Он принял не только меня, но сначала всех моих друзей и знакомых, которые пришли на день рождения… Принял, как и положено отпрыску древнего рода: достойно и благородно. Он вполне стоически выслушивал все восторги, охи, ахи и даже визги по поводу того, какой он прекрасный. На следующий день он спокойно перенёс перелёт, а главное – адекватно встретился с моими детьми. Как только он с ними встретился, всё достоинство и сдержанность, свойственные отпрыску древнего рода, с него слетели, и он превратился в собачьего ребёнка. Уже два дня он всех нас кусает своими острыми, как шило, зубами, невероятно активен и жизнерадостен.

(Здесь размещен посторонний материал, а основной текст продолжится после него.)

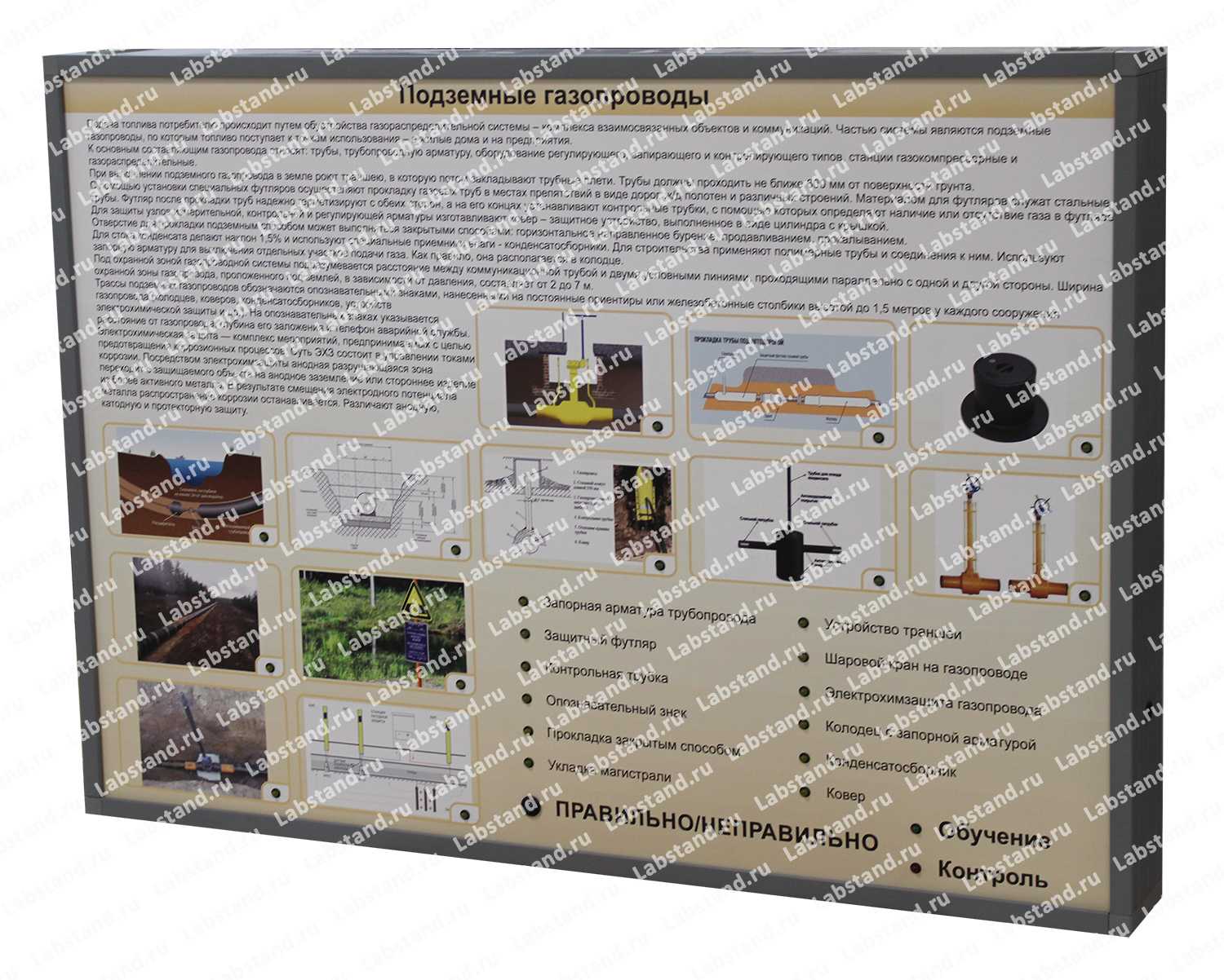 Назначение: Стенд-планшет предназначен для изучения принципа действия приборов и составных элементов подземных газопроводов.
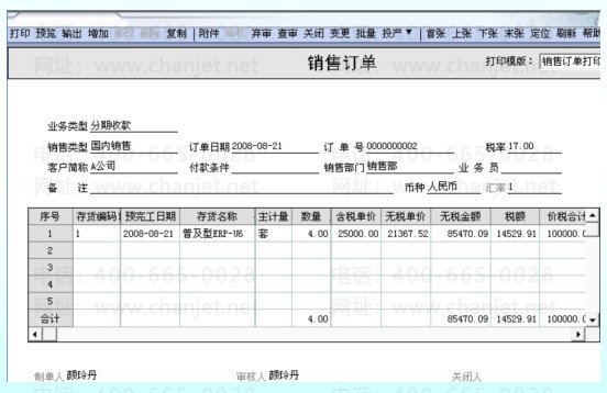 2、填制销售订单,业务类型为分期收款销售;如图2-8所示。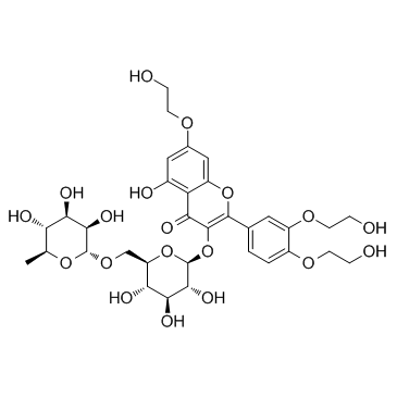 Chemical Name2-(3,4-bis(2-hydroxyethoxy)phenyl)-5-hydroxy-7-(2-hydroxyethoxy)-3-(((2S,3R,4S,5S,6R)-3,4,5-trihydroxy-6-((((2R,3R,4R,5R,6S)-3,4,5-trihydroxy-6-methyltetrahydro-2H-pyran-2-yl)oxy)methyl)tetrahydro-2H-pyran-2-yl)oxy)-4H-chromen-4-one

Наше жилище моментально превратилось в саванну, а наша жизнь – в беспрерывное сафари. Или даже в игру «Джуманджи»: то есть в любой момент и в любом месте все члены нашего семейства могут быть атакованы Львом и моментально загрызены.

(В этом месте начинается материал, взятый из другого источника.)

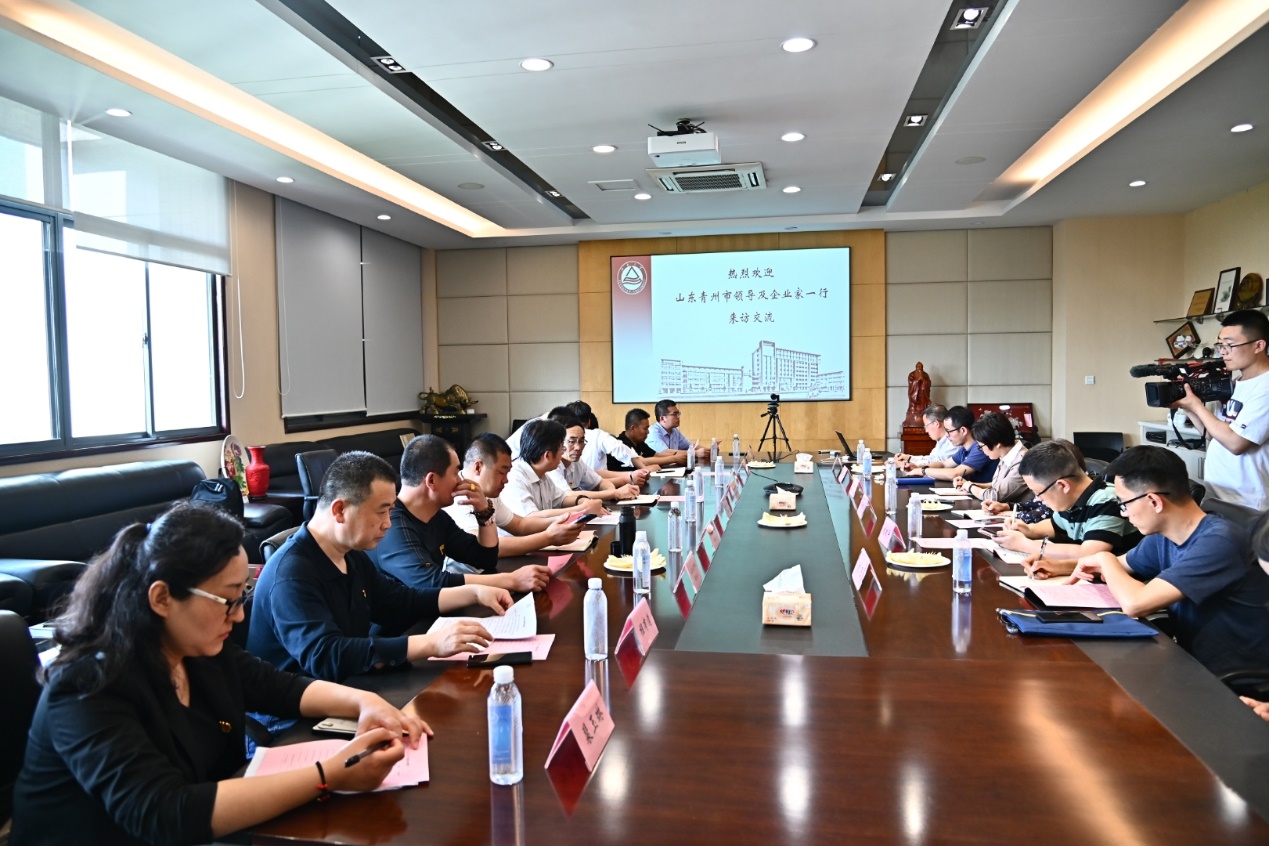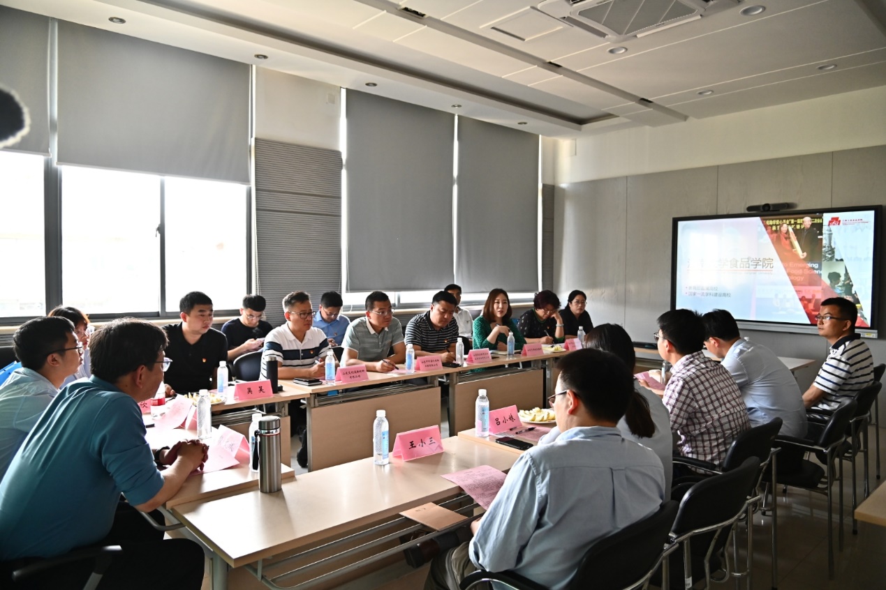 2021年5月10日,为创新服务推动企业发展、借助科技力量促进食品行业提档升级,山东青州市投促中心主任刘鑫携17家重点食品企业到访我院考察调研。澳门电子pg游戏官网刘元法院长、产业技术研究院赵伟副院长、澳门电子pg游戏官网党委副书记、副院长魏珍吉以及相关科研方向的老师参加了对接交流活动。

Все мысли и настроения связаны с этим крошечным существом. Мы не можем удержаться от того, чтобы понюхать его, сквозь щенячий запах улавливая родной и необходимый запах нашей любимой собаки. При том, что сразу видно: у Льва совсем другой характер и темперамент…

А день рождения прошёл прекрасно. В совсем маленьком московском клубе, недалеко от Патриарших, собрались люди, которые смогли оперативно отреагировать на моё приглашение. Дело в том, что последние семь лет в свой день рождения я собираю важных для меня людей и читаю им что-то, что должно быть опубликовано в ближайшее время. Не все эти люди мои друзья, не всех я могу назвать даже приятелями. Но это обязательно те, к кому я испытываю сильную симпатию, а главное – доверие. Мне очень важно ещё до публикации показать то, что я уединённо писал, и почувствовать реакцию на мною сделанное.

Все, кто собрался во вторник вечером, были люди друг другу мало или совсем не знакомы. Кто-то прилетел из Калининграда, кто-то из Кемерова, Омска, Ростова-на-Дону, Питера, кто-то живёт в Москве. А один мой товарищ живёт в Сингапуре, оттуда и прилетел. Я не устраивал застолья. Были какие-то закуски, напитки, звучала любимая мною музыка. Я всех друг другу представил… А потом почитал отрывки из нового спектакля, премьера которого состоится в начале мая.

Среди приглашённых был Михаил Михайлович Жванецкий. Четыре года назад, зимой, я приехал в его подмосковный дом с рукописью повести «Реки». Мы договорились, что я приеду и прочту пару отрывков. Я приехал в назначенное время. Михаил Михайлович чувствовал себя не очень хорошо и сказал, что послушает немножко. Я же деликатно готов был ничего не читать и уехать. Но он предложил чаю и настоял на чтении небольшого кусочка. Я стал читать и в итоге, с перерывами, прочёл всю повесть. Он не останавливал меня, а когда я сам останавливался, просил читать ещё. Большего профессионального счастья я не испытывал никогда.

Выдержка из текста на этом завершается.